Exercise requirements: Leave out the pictures and output exactly the lines below from the one with "1月18日,在常宁市庙前镇中" down to the one with "This wall mount", both of them included.

Data for analysis:
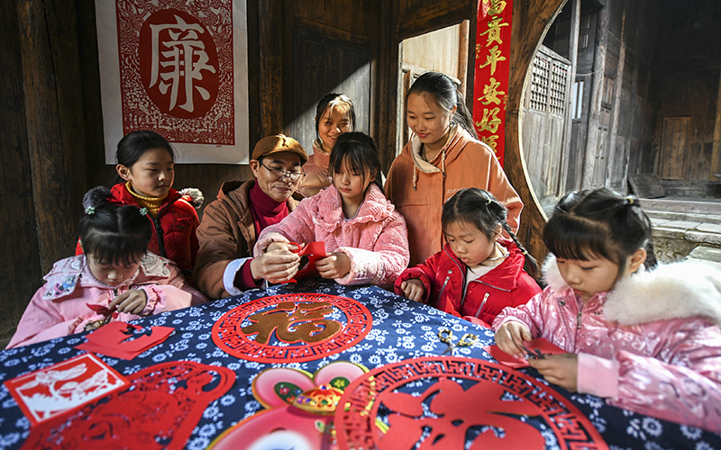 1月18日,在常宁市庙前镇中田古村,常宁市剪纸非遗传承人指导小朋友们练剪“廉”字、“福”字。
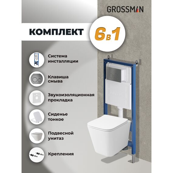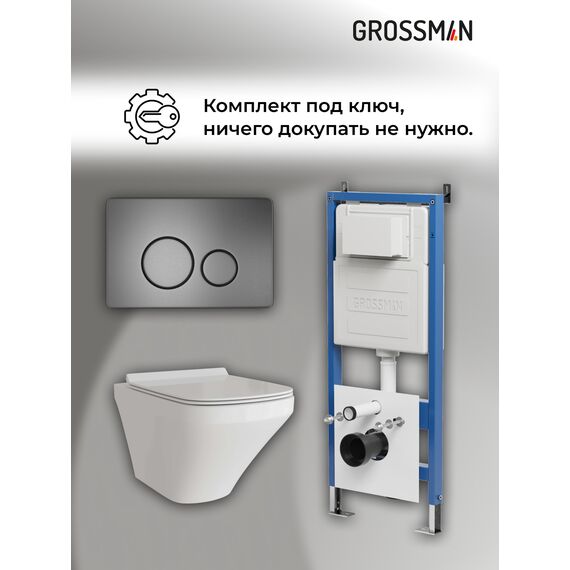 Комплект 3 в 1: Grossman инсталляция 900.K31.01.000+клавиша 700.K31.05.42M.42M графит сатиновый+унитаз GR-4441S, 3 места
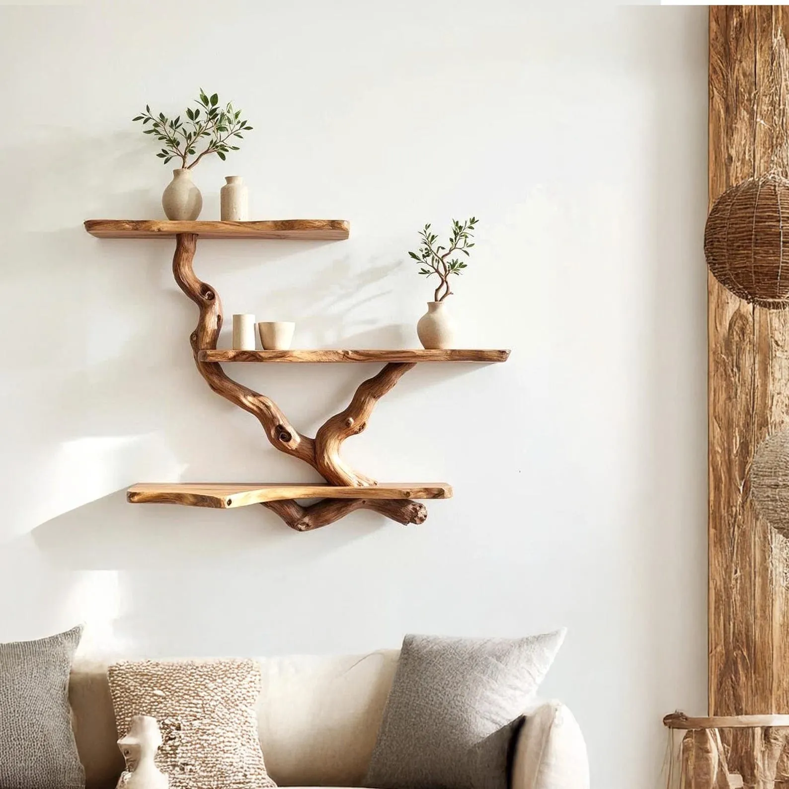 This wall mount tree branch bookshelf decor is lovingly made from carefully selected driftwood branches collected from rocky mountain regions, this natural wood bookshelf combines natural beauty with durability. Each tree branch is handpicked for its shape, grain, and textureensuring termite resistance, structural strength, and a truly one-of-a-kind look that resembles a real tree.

==

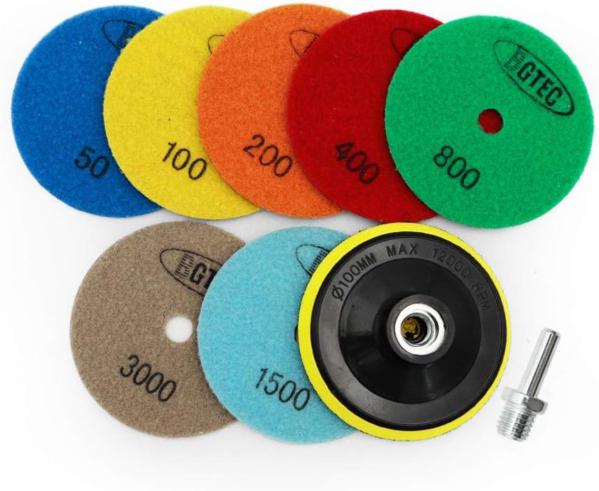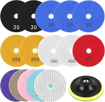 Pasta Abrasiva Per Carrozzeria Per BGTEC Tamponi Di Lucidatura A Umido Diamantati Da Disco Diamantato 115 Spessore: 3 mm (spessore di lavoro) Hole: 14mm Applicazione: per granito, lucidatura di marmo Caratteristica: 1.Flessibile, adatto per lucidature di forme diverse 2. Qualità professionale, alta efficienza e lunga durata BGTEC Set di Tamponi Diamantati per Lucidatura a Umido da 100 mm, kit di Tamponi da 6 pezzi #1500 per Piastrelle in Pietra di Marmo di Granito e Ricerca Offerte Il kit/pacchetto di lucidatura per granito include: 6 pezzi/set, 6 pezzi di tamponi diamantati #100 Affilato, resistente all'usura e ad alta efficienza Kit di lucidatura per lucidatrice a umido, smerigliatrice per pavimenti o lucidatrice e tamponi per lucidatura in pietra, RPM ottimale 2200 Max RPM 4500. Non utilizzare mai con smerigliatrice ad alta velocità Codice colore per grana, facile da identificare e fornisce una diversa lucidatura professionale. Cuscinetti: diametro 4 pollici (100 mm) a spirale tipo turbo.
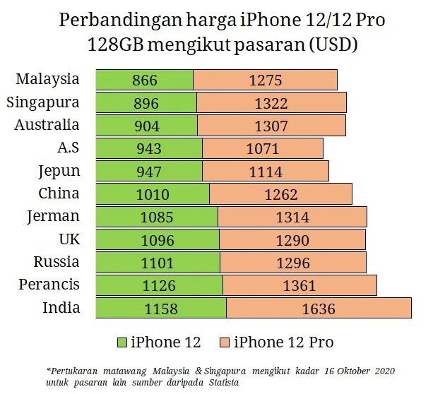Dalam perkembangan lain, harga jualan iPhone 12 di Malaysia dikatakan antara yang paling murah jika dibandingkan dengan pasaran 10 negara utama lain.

==

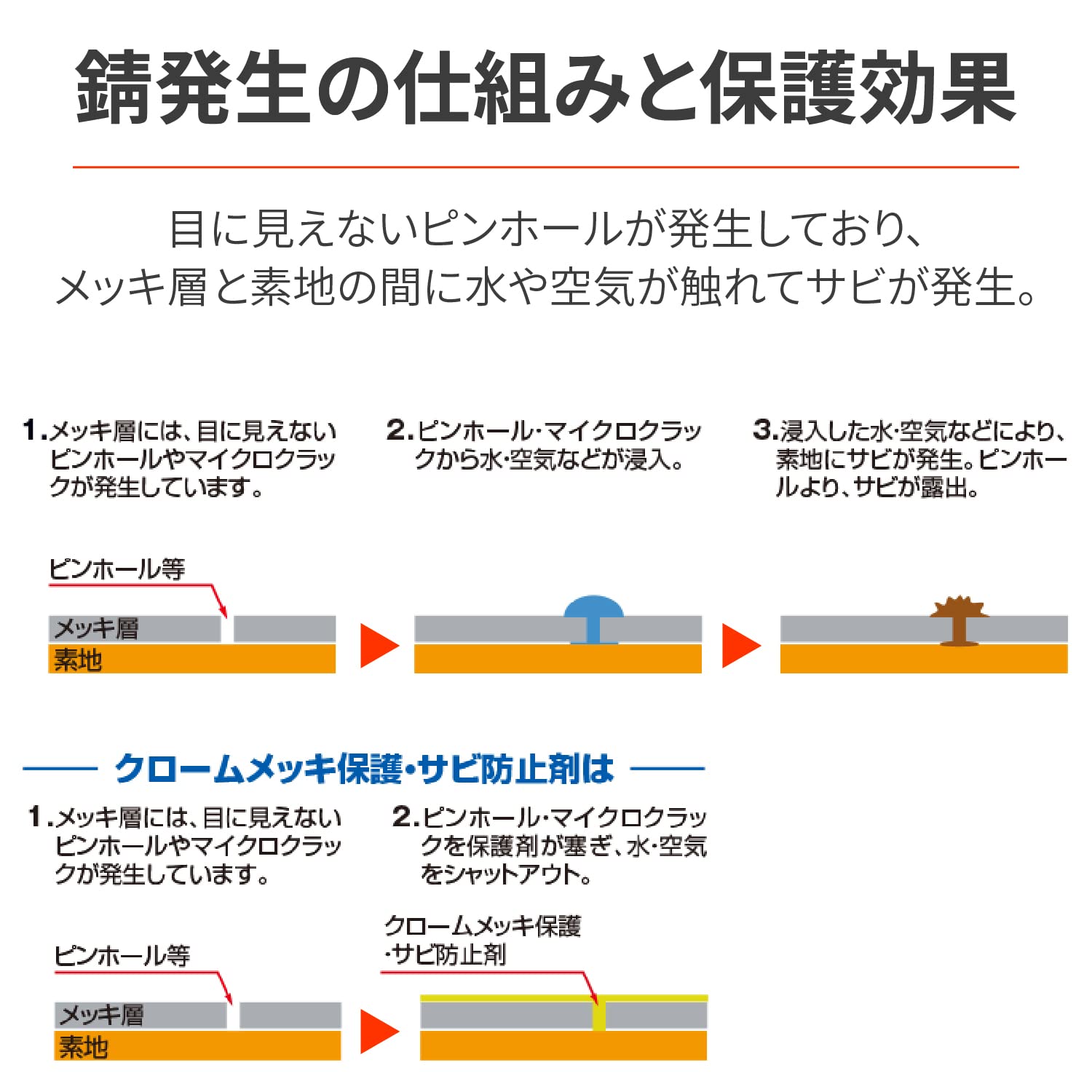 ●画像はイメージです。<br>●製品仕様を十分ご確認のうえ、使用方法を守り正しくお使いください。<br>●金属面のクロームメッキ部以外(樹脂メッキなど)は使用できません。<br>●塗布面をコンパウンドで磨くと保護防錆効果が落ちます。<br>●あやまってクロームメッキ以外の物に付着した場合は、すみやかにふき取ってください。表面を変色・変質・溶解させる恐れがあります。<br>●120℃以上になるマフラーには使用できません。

Output of the exercise:
 1月18日,在常宁市庙前镇中田古村,常宁市剪纸非遗传承人指导小朋友们练剪“廉”字、“福”字。
 Комплект 3 в 1: Grossman инсталляция 900.K31.01.000+клавиша 700.K31.05.42M.42M графит сатиновый+унитаз GR-4441S, 3 места
 This wall mount tree branch bookshelf decor is lovingly made from carefully selected driftwood branches collected from rocky mountain regions, this natural wood bookshelf combines natural beauty with durability. Each tree branch is handpicked for its shape, grain, and textureensuring termite resistance, structural strength, and a truly one-of-a-kind look that resembles a real tree.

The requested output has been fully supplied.